Entonces, después de que lo encuentre, después de que lo encuentre debo asegurarme de

borrar a esas tontas en quienes mis viejos amigos me han convertido. Todos los que pueda.

Quizás se me escape alguno, pero sin duda daré con la mayoría. Hoy día con estas herramientas

de búsqueda en el Internet no será difícil.

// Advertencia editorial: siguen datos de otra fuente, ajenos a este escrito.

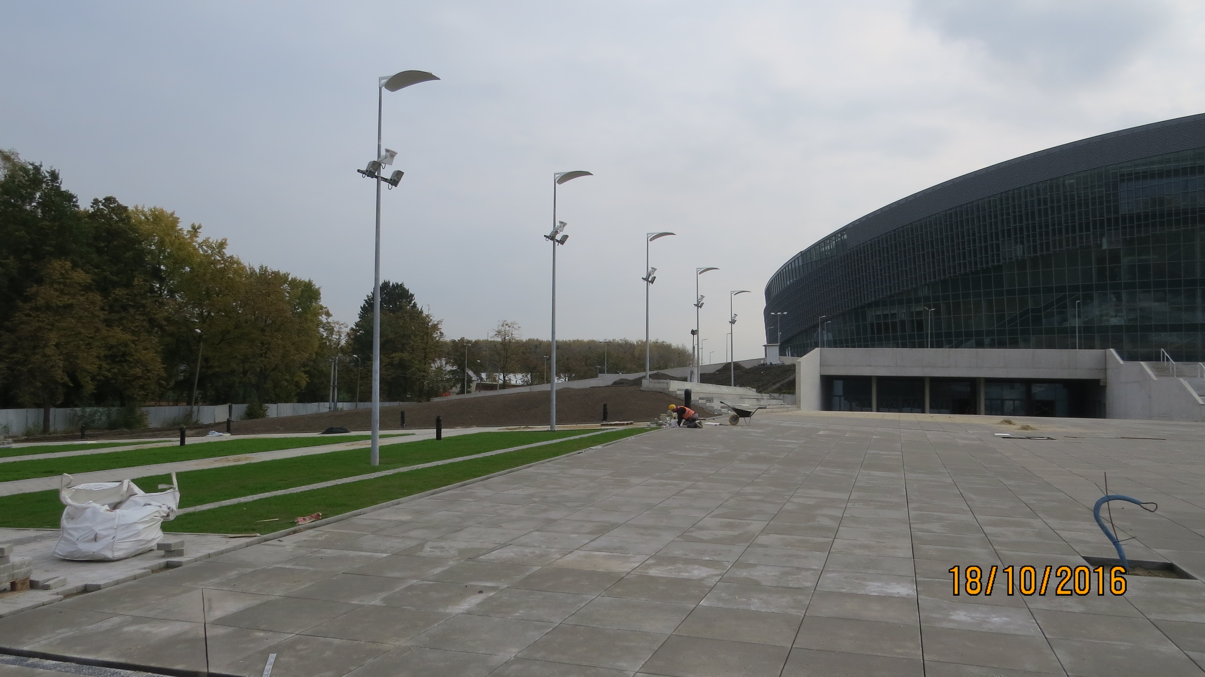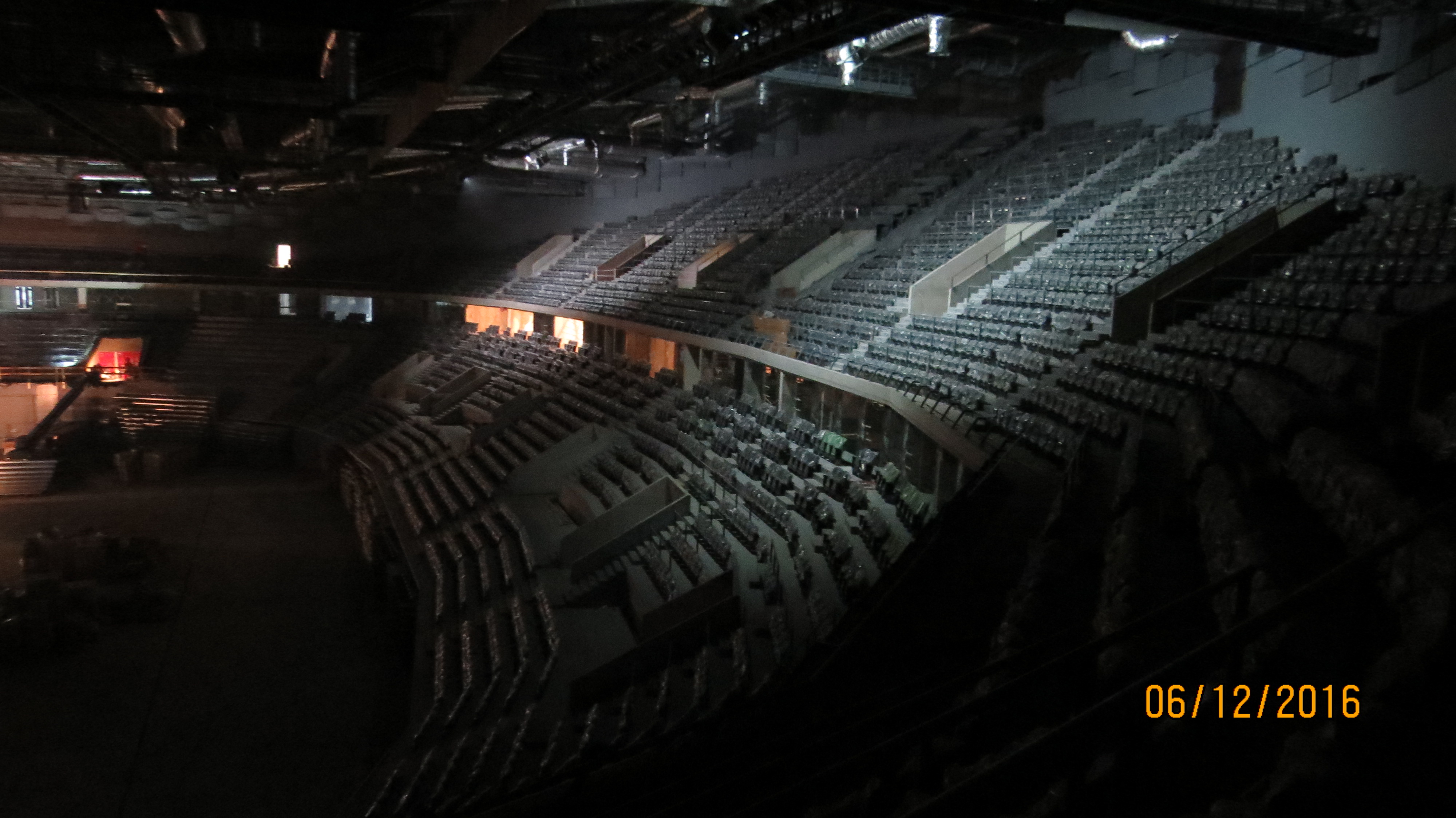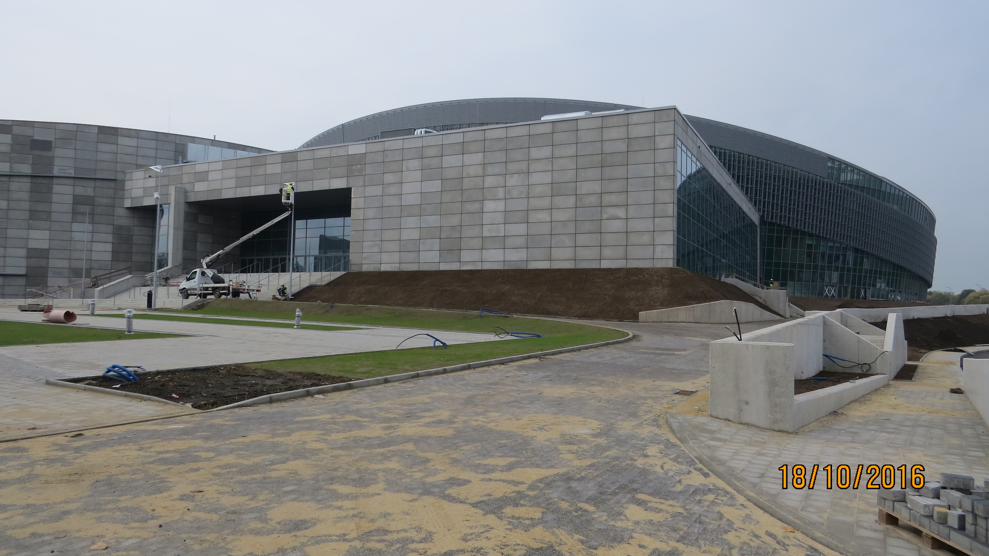 Na arenie hali głównej dobiegają końca prace związane z montażem trybun mobilnych. Na trybunach stałych montowane są krzesełka oraz balustrady.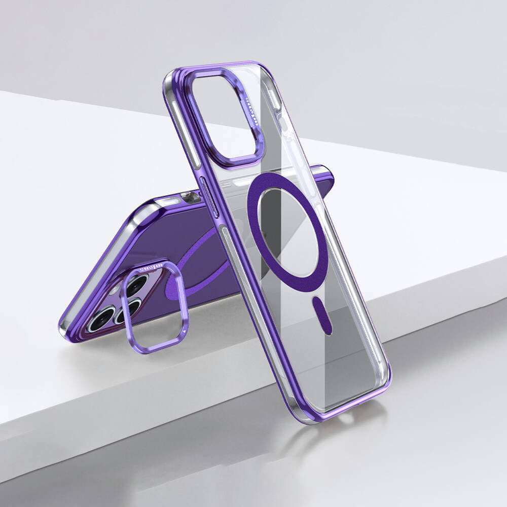 iPhone 14 Pro Max Kılıf Magsafe Şarj Özellikli Wlons Standlı Efsane Kılıf Mor

Porque no puedo permitir que continúen paseándose por ahí esas mujeres, tantas mujeres

que tienen mi nombre y un ligero parecido, ligero, porque lo falaz de sus facciones se revela en

la imprecisión de sus facciones; esas mujeres llamadas como yo cojean del pie que no es, o no

cojean; son demasiado flacas, o demasiado altas; están demasiado pálidas o demasiado pecosas;

sus cabelleras rizadas no son del color adecuado, sino que a veces incluso el tono varía según

caminan, seguramente porque su cruel imaginador me ha olvidado un poco más.

Las he visto por ahí. Algunas, pobres, no hablan, y parecen mirar, ausentes, desde un punto

escondido y hacia un sitio remoto, como locas o autistas. Otras se relamen los labios como si les

faltara algo: claro, les falta mi lunar, que es mi orgullo, que es imposible que él no lo haya visto,

imposible pero no improbable, porque se sabe que los hombres no ven como vemos nosotras las

mujeres. Son atraídos a lo que ven sin saber qué es lo que han visto. Pueden concluir que

encuentran a una mujer atractiva, sensual, hermosa, pero no pueden decir por qué, qué parte del

rostro les parece más bonita, cuán gruesos son sus labios, o cuán largo y de qué color es su pelo.

He visto a esas mujeres que deambulan por ahí, y que se parecen a mí en algo. Me fijo bien y sí,
se parecen en algo, pero no son. Se asoman a las ventanas de mi casa y llenan mi sala con sus

cuerpos a medio hacer. Me persiguen cuando salgo al supermercado, con gafas oscuras y un

pañuelo en la cabeza para evitar que la gente de la calle se vaya formando ideas equívocas de mi

persona. Les digo que tienen que desaparecer, que era mejor que no hubiesen sido creadas, ¡si no

existen! No tienen pasados ni futuros, se desdibujan y se vuelven borrosas en plena luz del día,

como si las atravesara una neblina, que es otro pequeño olvido. Me dan lástima, y me da rabia

saber que han sido ellos, mis amigos, mis amigas, mis amantes, que las han arrojado al mundo a

defenderse como puedan, incompletas, sin lunares, sin facciones particulares, sin medidas ni

colores definidos. Me persiguen a todas partes; no puedo salir de casa sin sentir su presencia, y

me preocupa que la gente en la calle las vea y las mantenga, las recree, dándoles más vida que es

a la vez menos, que es a la vez prolongar su agónica inexistencia. Por eso he decidido no salir,

trabajar desde mi computador portátil en casa, mandar a que me traigan la compra, y enviar por

correo electrónico este vídeo de mí que es lo único que no han podido poblar y ocupar con sus

rostros a medio hacer las mujeres, mis mujeres, estas mujeres que me acompañan, que se han

convertido, como era, sin embargo, lógico, en mis mejores, mis únicas amigas.